Unilever’s proposed “simplification” follows an extensive review of its corporate structure and will provide “greater flexibility for strategic portfolio change and help drive long-term performance”, it says.

The fmcg giant insists it remains committed to the UK, and its announcement this morning focused on the “evolution” of its structure into three divisions. The headquarters of the Beauty & Personal Care division and the Home Care division are set to be located in London, while the merged Foods & Refreshment division will continue to be based in Rotterdam. This secures nearly £1bn per year of continued spend in the UK, “including a significant commitment to R&D”, Unilever says. It will continue to be listed in London, New York and Amsterdam.
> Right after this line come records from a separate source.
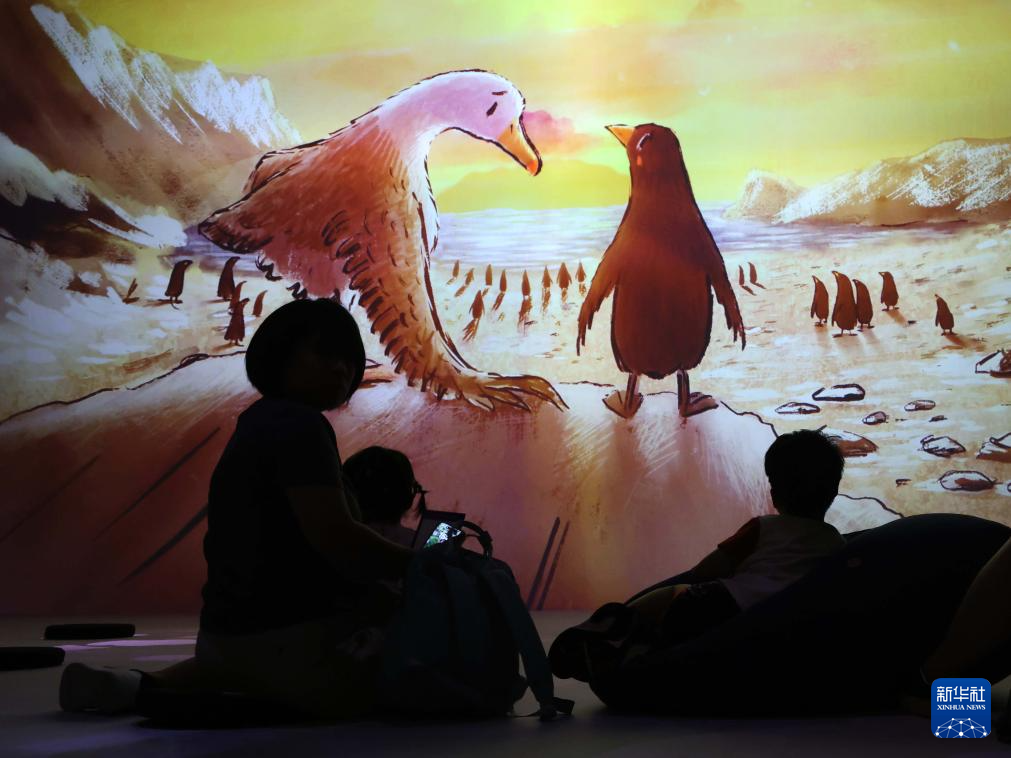 7月4日 ,参观者在“牛津话绘本世界沉浸式互动体验”展览上拍摄。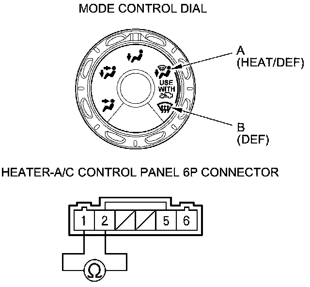 2. Check for continuity between heater-A/C control panel 6P connector terminals No. 1 and No. 2, while rotating the mode control dial from (A) and (B).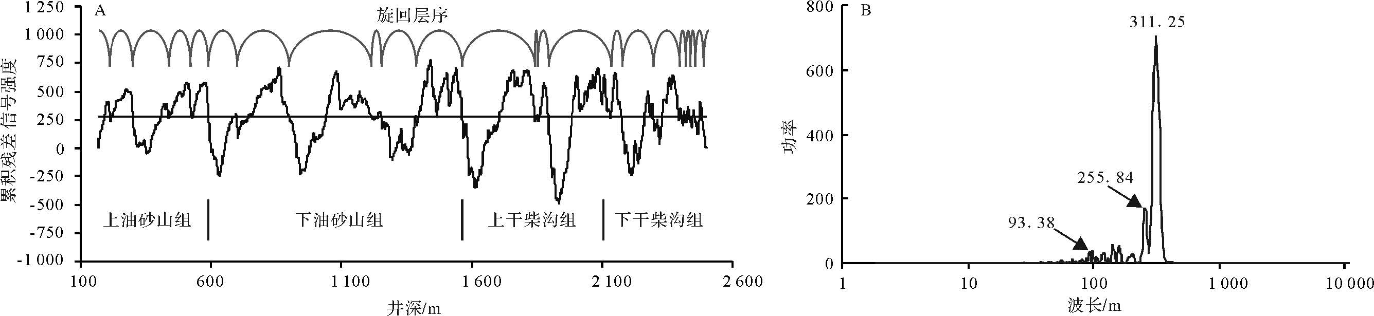 图 8A是采用滤波信号强度计算的仙3井累积残差曲线,根据图形判读和计数,四个组级地层单元共识别21个沉积旋回以及2个半旋回,其中下油砂砂组可划分为3个旋回层序,上干柴沟组可识别出5个旋回层序,且旋回周期或波长差别甚大。图 8B是仙3井累积残差曲线的频谱分析结果,它的低频旋回波长为311.25 m和255.84 m,可检测的最小旋回波 长为93.38 m,与图 7B滤波曲线频谱分析图比较,累积残差曲线中高频旋回消失,它仅显示了低频旋回周期,这验证了累积残差曲线记录的是一个测井区间长周期旋回的结论。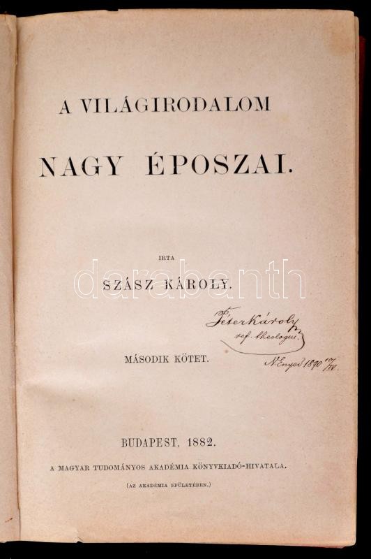 Description: Szász Károly A világirodalom nagy époszai II. kötet. Bp.,1882, MTA. Kiadói aranyozott egészvászon-kötés, kissé kopott borítóval. "Péter Károly református teológus, Nagyenyed, 1890. IV. 10" tulajdonosi bejegyzéssel.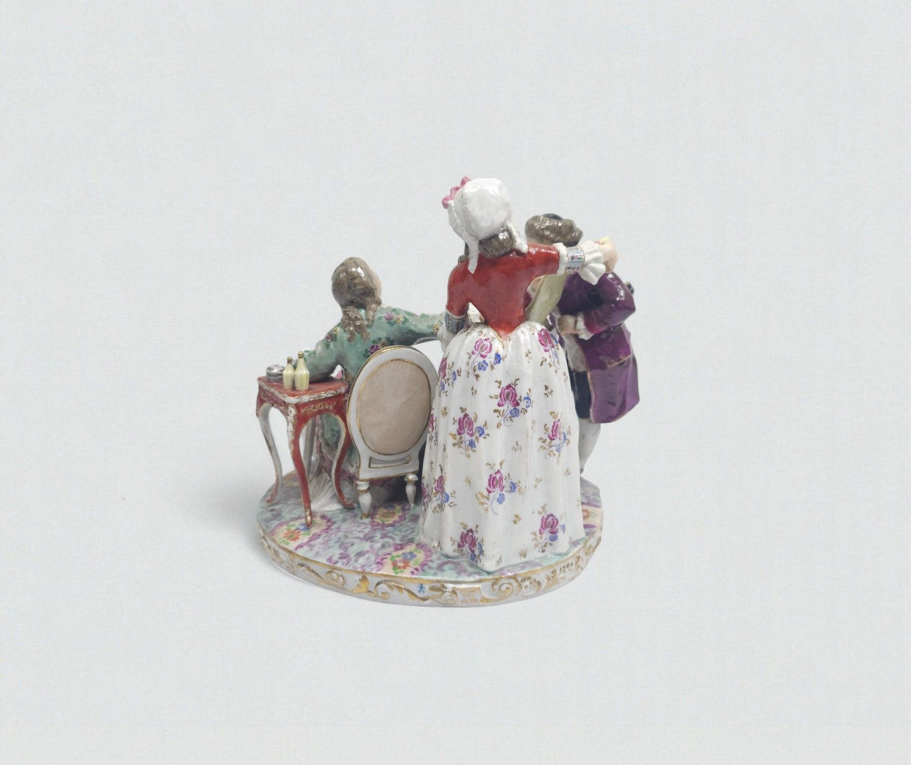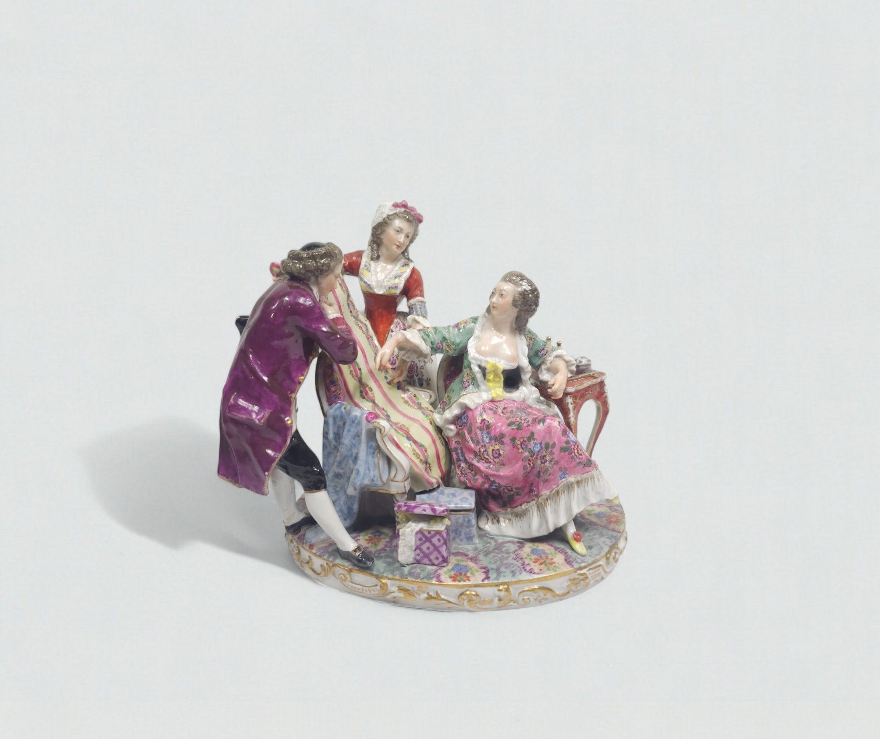Manufacture of Frankenthal - Dresden. Polychrome porcelain group with 3 figures. H: 20 W: 17 D: 19 cm (Unsigned). (Slight accidents)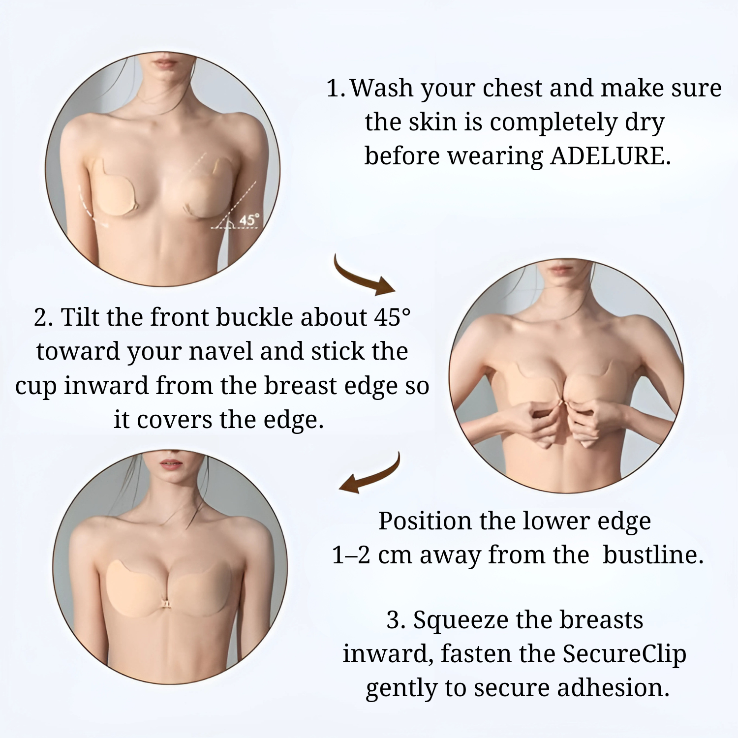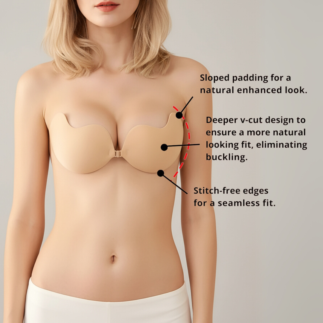 Engineered adhesive that resists heat and sweat, skin‑safe comfort, true support for fuller busts, and a Perfect‑Day Guarantee.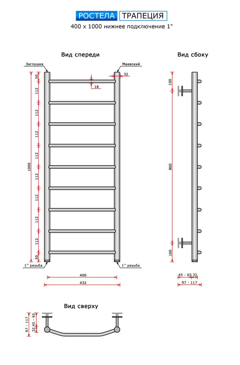 Полотенцесушитель Ростела Трапеция (нижн.подв., 1" резьба) 400 х 1000 / 9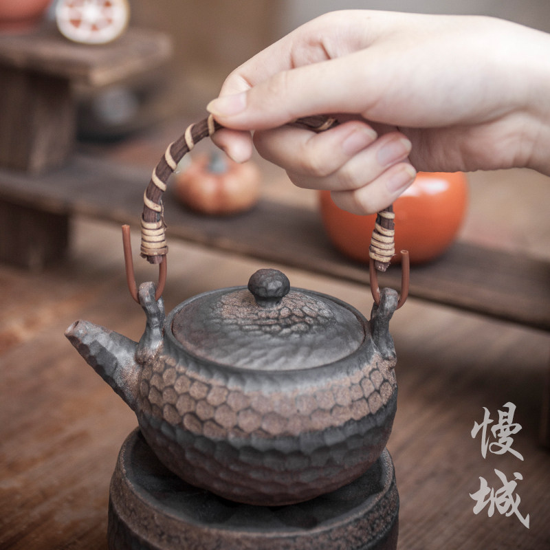 Hand-made beam pot Antique coarse pottery hammer pattern cooking teapot Kettle Pu'er tea single pot Small Japanese Kung Fu Tea set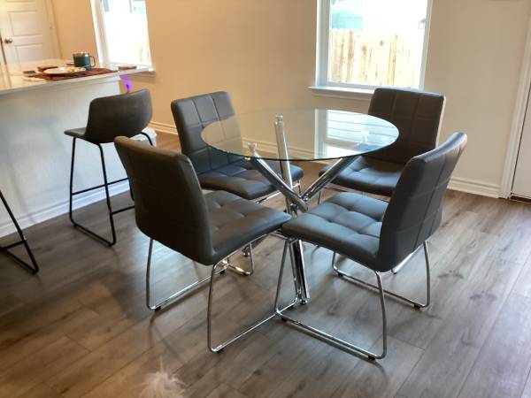 Glass and chrome dinette set for sale and 4 chairs excellent condition hardly use new 700 dollars DOWN From 250.00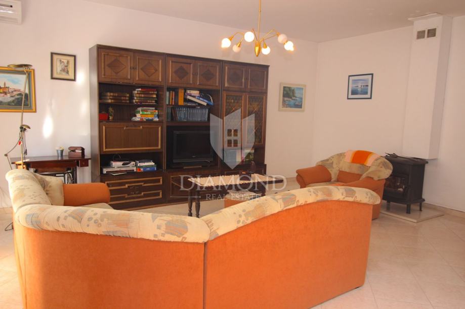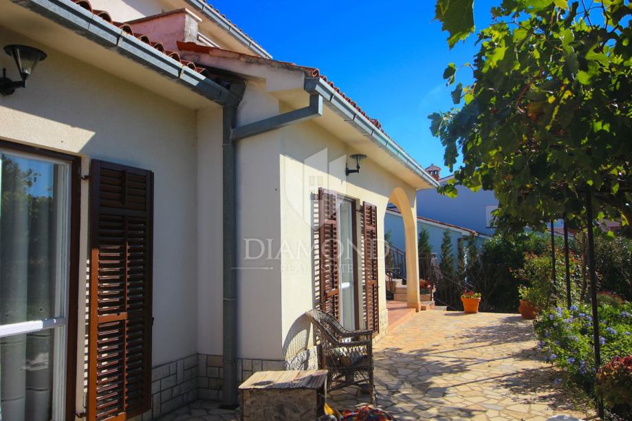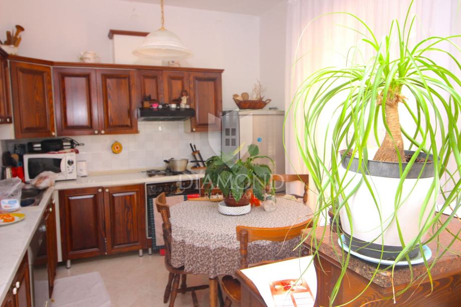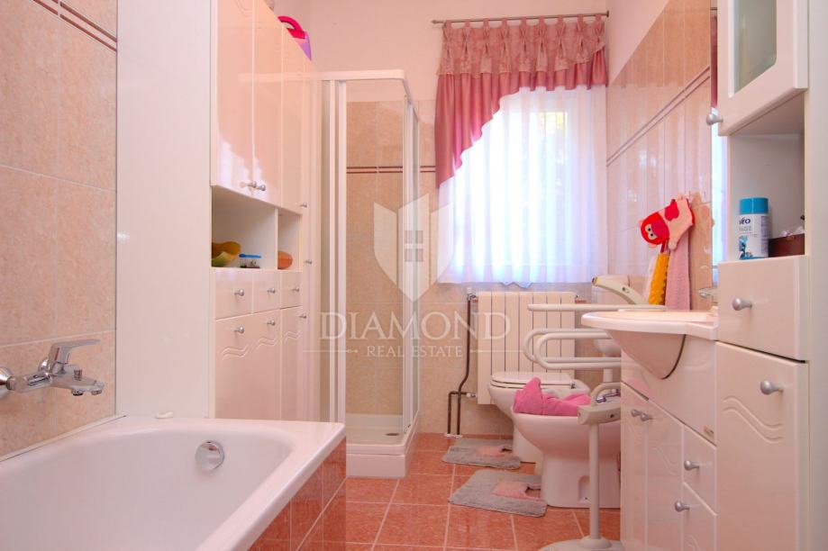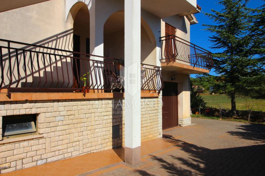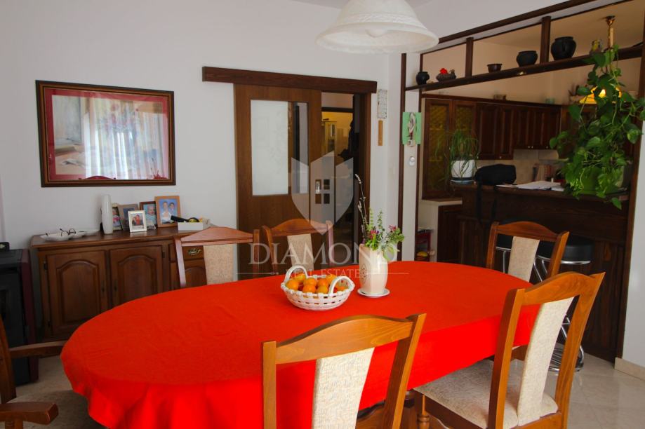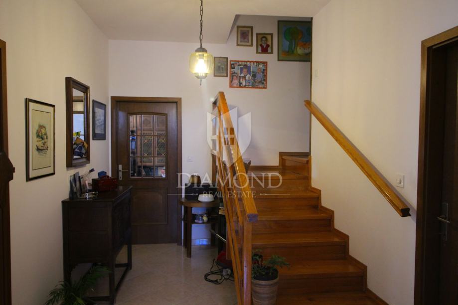 Nedaleko centra grada nalazi se ova lijepa obiteljska kuća. Proteže se kroz suteren, prizemlje i kat. U suterenu se nalazi konoba, kuhinja i velika garaža. Prizemlje čini veći stan sa kuhinjom, blagovaonom, dnevnim boravkom i kupaonom, te nas par stepenica dijeli od prostora gdje su smještene tri spavaće sobe i kupaona. Na katu se nalazi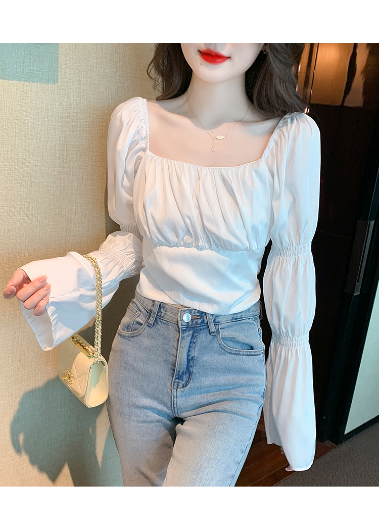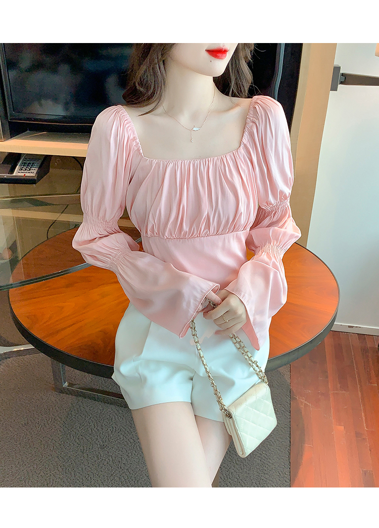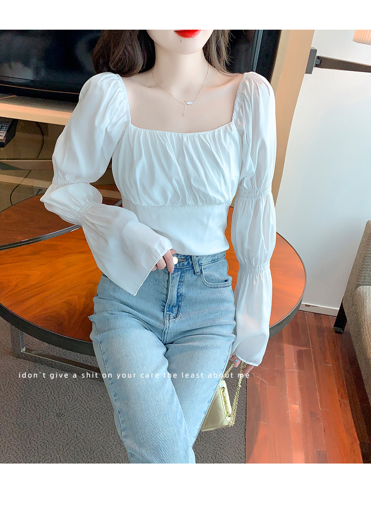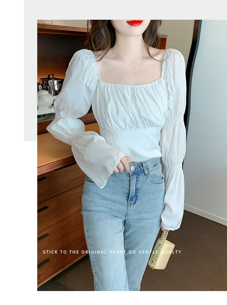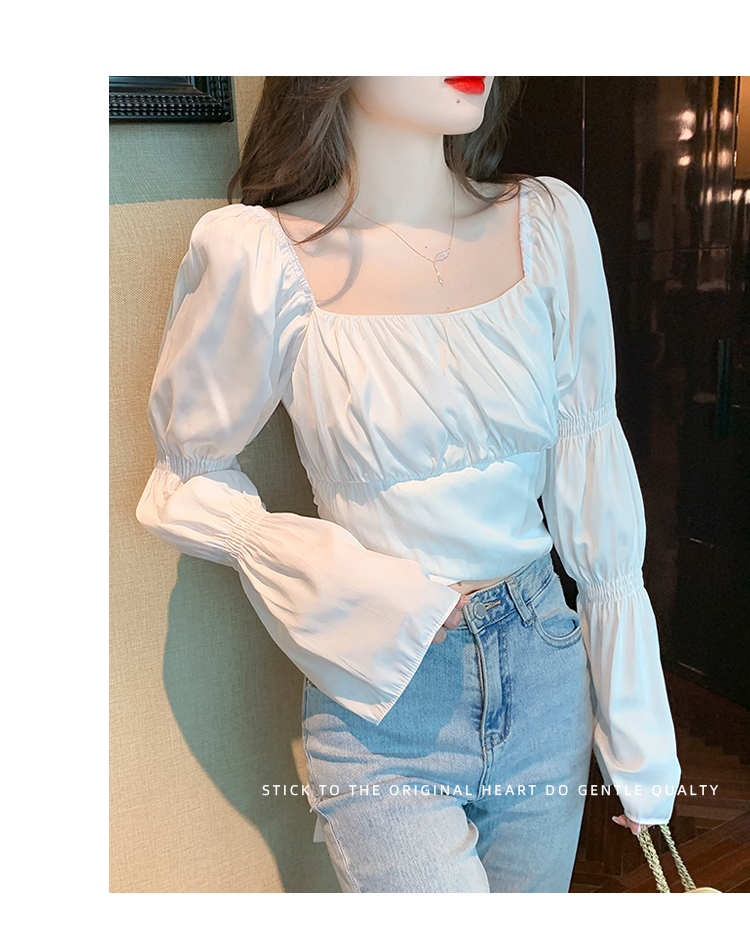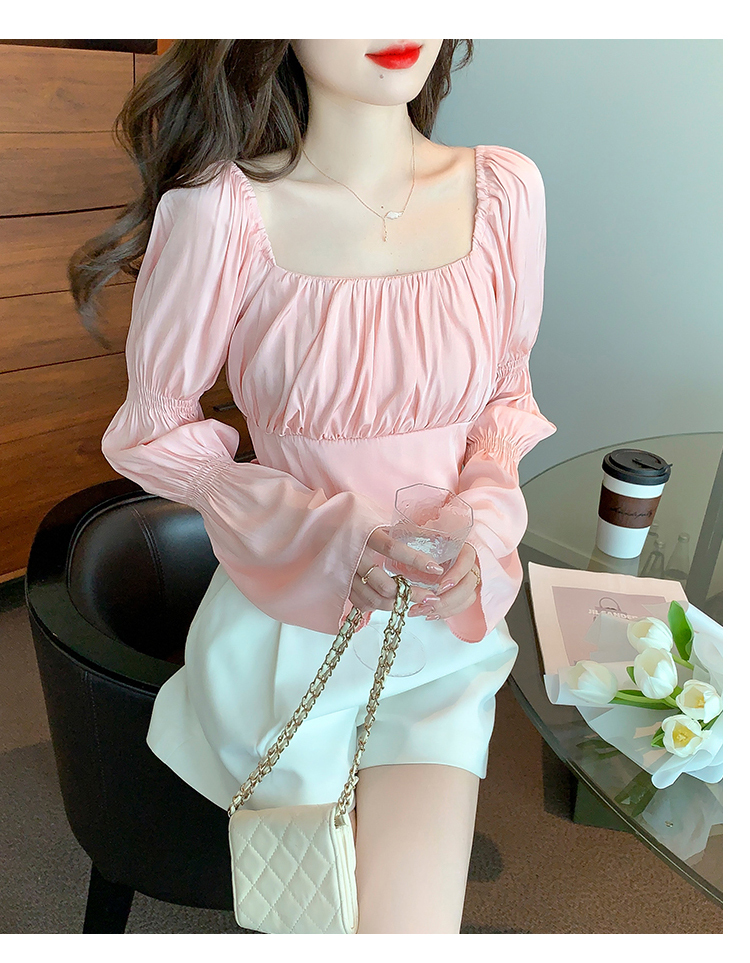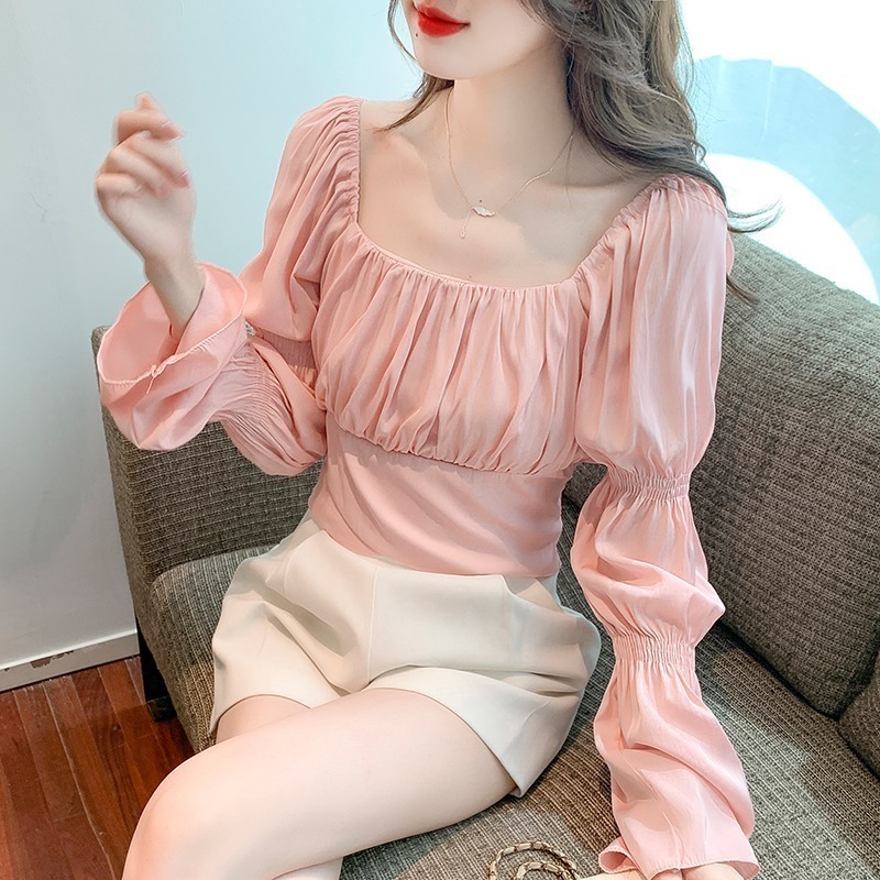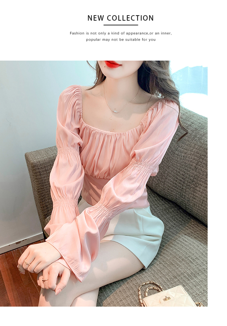 限量特惠|微性感方領褶皺後背綁帶雪紡衫-2色(02M2505)

Flatly denying that Brexit had any influence on its decisions, the company claims it picked Rotterdam over London for its main base simply because the shares in NV account for approximately 55% of the group’s combined ordinary share capital and “trade with greater liquidity than plc shares”.

For a business that is still making a “big show of optimising efficiency after it rejected a huge take-over proposal last year“, the centralisation of its top administrative functions makes sense, says Ken Odeluga, a market analyst for City Index.

“There was a fair enough of a case to be made for the decision largely an administrative grounds, rather than a hugely economic ones, with a large business imperative for Unilever to move even regardless of Brexit,” he adds. ”That said, it’s difficult to pretend political filters were entirely absent from management’s thought process.”

The move could serve to balance consumer opinion in the Netherlands following the sell-off of its Dutch-origin spreads business, Odeluga points out, and the choice of Rotterdam is, at the very least, “a fortunate one“ given the risks of temporary trade disruption when the UK exits the EU.

Others are more sceptical of Unilever’s insistence the move is not Brexit-related, with everyone from analysts to investment bankers and ex-government negotiators tweeting their doubts about the official line from the company and Number 10.

There are other factors that could have influenced Unilever’s decision. As Bloomberg’s Eric Pfanner has pointed out, the Netherlands has taken a lot of pro-business steps, including a recent move to scrap a dividend tax, which makes it a more attractive location for investment. It also gives companies more protection from hostile takeovers than the UK, which is “specifically important for Unilever”, given the company dodged an aggressive takeover bid from Kraft Heinz last year. “It made people frightened this is a company that could be vulnerable again,” says Pfanner.

Whatever the motivation, the decision by the third-biggest company in the FTSE 100 to move to switch to a sole HQ in the Netherlands is already causing a headache for the prime minister, with opponents arguing she must now strike a deal to remain in the single market or face further abandonment.

The move won’t necessarily lead to a significant decline in tax revenue from the company, analysts say, and the company has promised there will be “no change” to its employment of 7,300 people in the UK. But there is a “strong possibility” it means Unilever – which has a market value of £113bn – will be excluded from the FTSE 100, “which would obviously be bad news for UK funds, especially income funds”, says SocGen analyst Warren Ackerman.

It’s also a significant blow for London, and casts further doubt over whether it will be able to hang on to its status as the global financial capital post-Brexit. Indeed, Rajesh Agrawal, the London deputy mayor for business, has branded the move as “disappointing news for the capital” and argued it brought into “sharp focus” the need for the government to secure a Brexit deal that secures London as Europe’s business centre.

Unilever, meanwhile, has seen its shares dip 1.6% in London to 3,758p since this morning’s announcement. Which is not a major slide. And analysts agree the changes to its corporate structure will be good in the long run. So its biggest challenge for now will be to convince Britain it remains committed to this country, even without a London HQ. Brits might have forgotten Marmitegate, but will they forgive this?